My favourite card in the Xultan Tarot deck is “Strength.” It’s an image of a cactus flowering in a pot. It reminds me that at any given moment we find ourselves in a particular “pot,” a set of of conditions that may be personal and specific to us or embedded in the reality we share, things that shape and limit available choices. 

But there is nothing within the present moment limitations that stops us from flowering, from being all of who we are and offering what we are to the world. The form may not be as we had hoped or imagined, but unfolding and living from our essential beingness is always possible.

I want to use all that I am and all that I have for flowering. I don’t want to waste one bit of time or energy on denial of or fighting with present-moment limitations that are beyond my control. Because flowering, unfolding into the life we are given regardless of present-moment limitations, is what brings us joy. . . . is what heals the world. . . . is why we are here.

Oriah (c) 2013

Wednesday, May 8, 2013

Making Boundaries Stick

I keep getting this very strange (as in unfamiliar) feeling that I have reached a new level of. . . . caring for my own life. The form of this self-care is a bit of a shock. Feeling the preciousness of our time here, knowing what does and does not feed my body and soul I am actually finding it easier to say a firm but quiet, “No thanks,” to the activities or people I find draining- without judgement or emotional charge or any need to justify my choice. 

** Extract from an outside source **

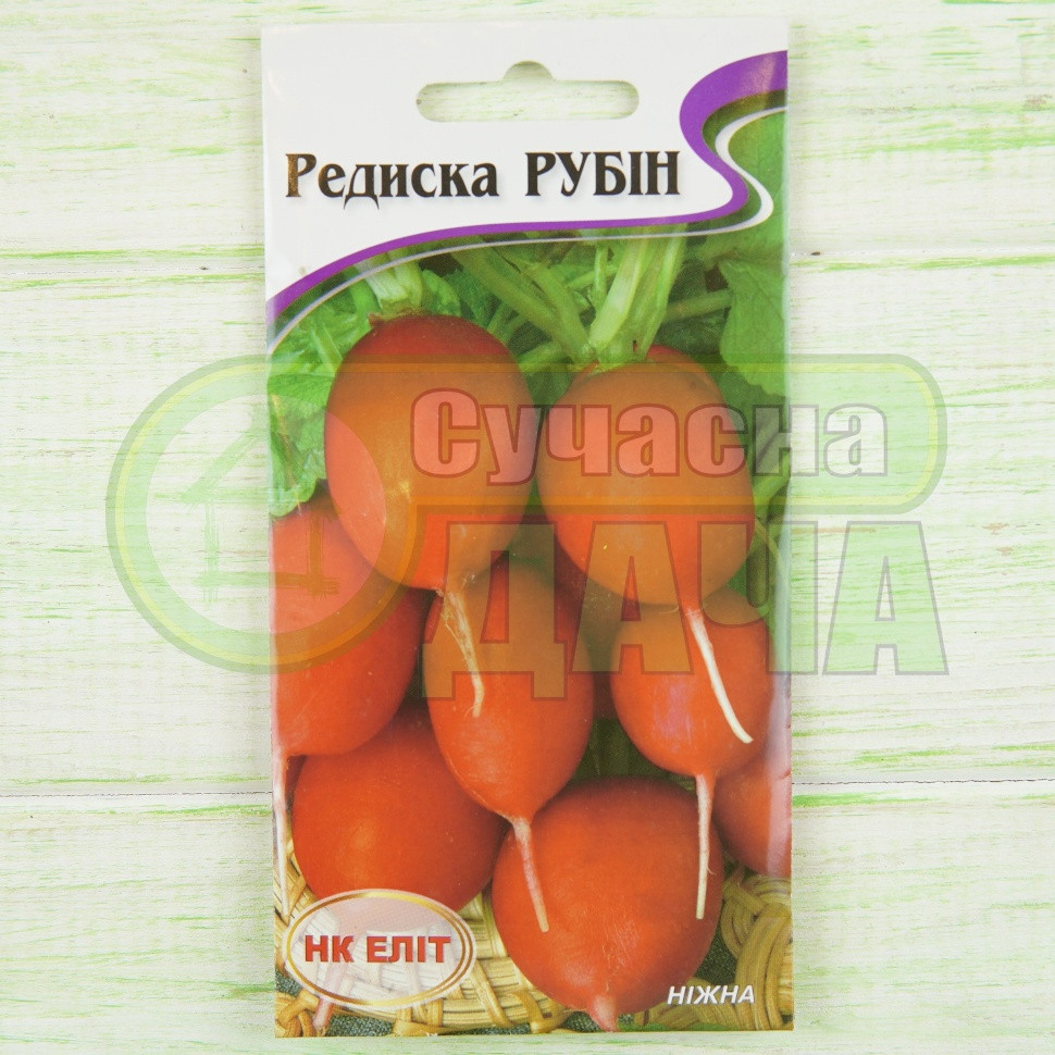 Насіння «НК Еліт» редиски «Рубін» можна придбати на сайті semena.biz.ua. Якісне насіння, замовлене у нас, відрізняється чудовою схожістю, а сходи – швидким зростанням. Редиска рання, включаючи її зелене листя, використовується в літніх салатах, а також при приготуванні окрошки.

Now, I’ve known for a long time that a lack of healthy boundaries often gets expressed as aggressiveness or judgement (awkward and often unkind ways to push someone away when we don’t feel we have the right to just say, “No.”) In fact, when we feel we have a right to make choices in our own life, we can actually say, “No thanks, that’s not for me right now,” or "No, I'm not able to do that," with genuine friendliness or neutrality.

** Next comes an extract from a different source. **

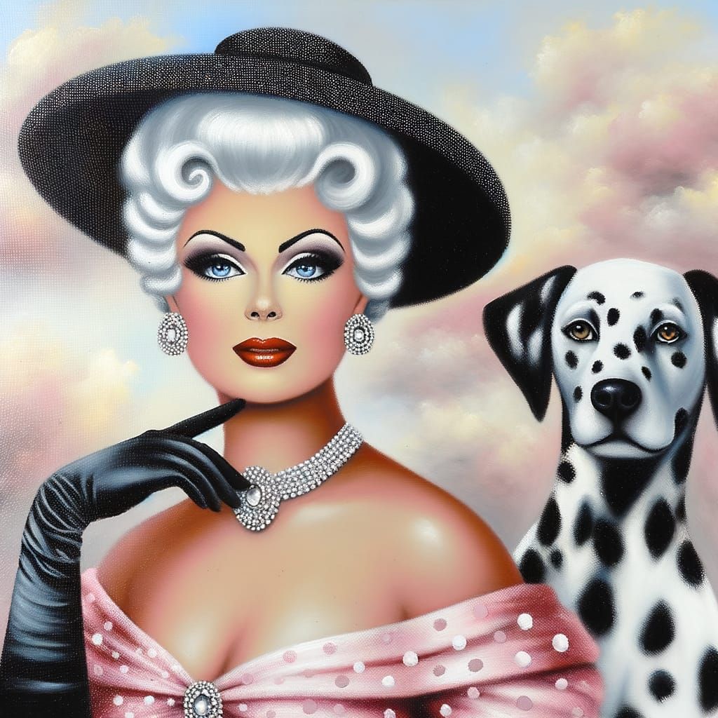 An elegant vintage woman of Middle-Eastern descent with platinum blonde curls poses with a Dalmatian dog. This oil painting captures timeless glamour with vivid brush strokes and warm lighting.

And here’s the truly magical thing: when we are absolutely clear within ourselves, the other is much  more likely to hear the clarity and, even if disappointed, is much less likely to try to persuade or cajole or try to manipulate or shame. 

If, on the other hand, others are pushing or seem to be ignoring our refusal, if we think to ourselves in frustration, "They just don't get it!" (where the "it" may be a limitation in our lives, or other priorities, or just our preferences) we can bet that at least part of the problem is that WE don't get it! And since we don't get-  maybe because we don't give legitimacy to our limitations of the moment or priorities or preferences- guess what? Others can't "get it" - won't hear it or believe it- either!

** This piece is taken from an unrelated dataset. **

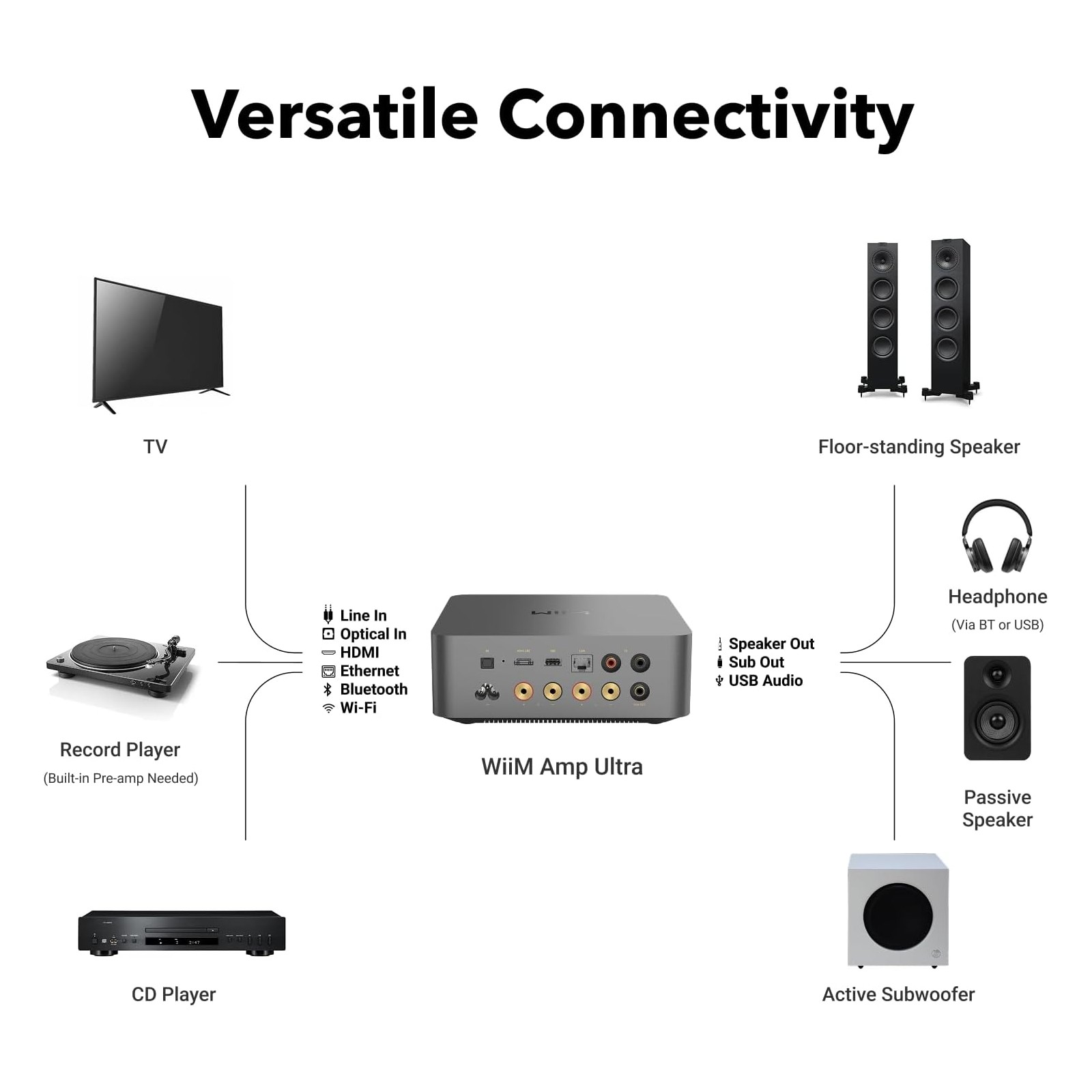 Meet the WiiM Amp Ultra – our most powerful streaming amp yet. Delivering 100W per channel at 8Ω with ultra-low distortion, it brings rich, high-fidelity sound to everything from vinyl to Spotify to cinematic TV audio—perfect for audiophiles, home theater enthusiasts, and smart home setups.

Of course, sometimes the other is just picking up on our genuine ambivalence or ambiguity about whether or not we can or want to participate in a particular situation, and our own "shoulds" may be muddying the water. But just bringing that inner uncertainty to consciousness may give us enough clarity to say, "I don't know right now," or "I'll have to get back to you on that when I'm clear about what I can/want to do." Knowing we are unclear is a kind of clarity in itself.
And our clarity about our own life IS the healthy boundary we need to live side by side with others.

Oriah (c) 2013

(Afternote: So, here's what you need to know about this little blog. I wrote it spontaneously a couple of weeks ago, and then forgot about it. I "found" it today. And I am posting it because I need to read it over and over. For the last couple of weeks I have had quite a few moments when I've "lost" what I thought I "got" about what I can and cannot do to the detriment of my body and soul. Sigh. Humbling really. But the good thing about writing this stuff down is that my momentarily-gone-to-sleep self may actually find and hear the wisdom I had, at least once, when I was awake for a minute or two.)